▶ _How to complete this task_: Restate the data below word for word. Skip any images it contains.

▶ _Data excerpt_:

________________________________________

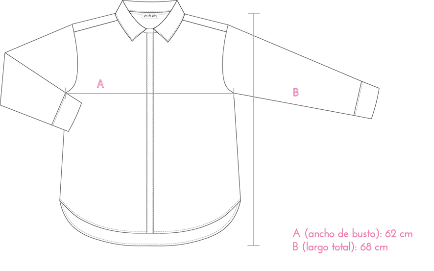 A modo de referencia, la modelo mide 1,72 m y usa talle S/M. La prenda que lleva puesta en la foto tiene las siguientes medidas:
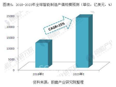 2017年,具有连接和感知能力的机器人继续引领智能制造发展,随着AI技术的进步,工业机器人也变得更加智能,并能够感知,学习和自己做决策。前瞻产业研究院结合当前全球智能制造的发展现状和发展趋势,保守估计未来几年全球智能制造行业将保持15%左右的年均复合增速,预计到2023年全球智能制造的产值将达到23108亿美元左右。
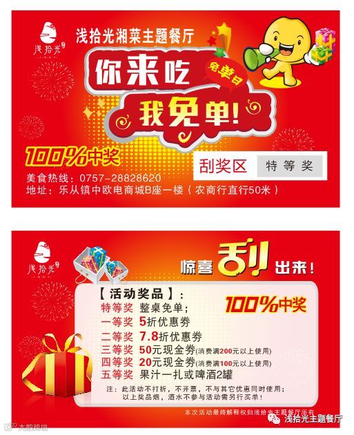 刮刮中大奖!特等奖:免单,免费吃,大免单!!

________________________________________

▶ _Written reply_:
 A modo de referencia, la modelo mide 1,72 m y usa talle S/M. La prenda que lleva puesta en la foto tiene las siguientes medidas:
 2017年,具有连接和感知能力的机器人继续引领智能制造发展,随着AI技术的进步,工业机器人也变得更加智能,并能够感知,学习和自己做决策。前瞻产业研究院结合当前全球智能制造的发展现状和发展趋势,保守估计未来几年全球智能制造行业将保持15%左右的年均复合增速,预计到2023年全球智能制造的产值将达到23108亿美元左右。
 刮刮中大奖!特等奖:免单,免费吃,大免单!!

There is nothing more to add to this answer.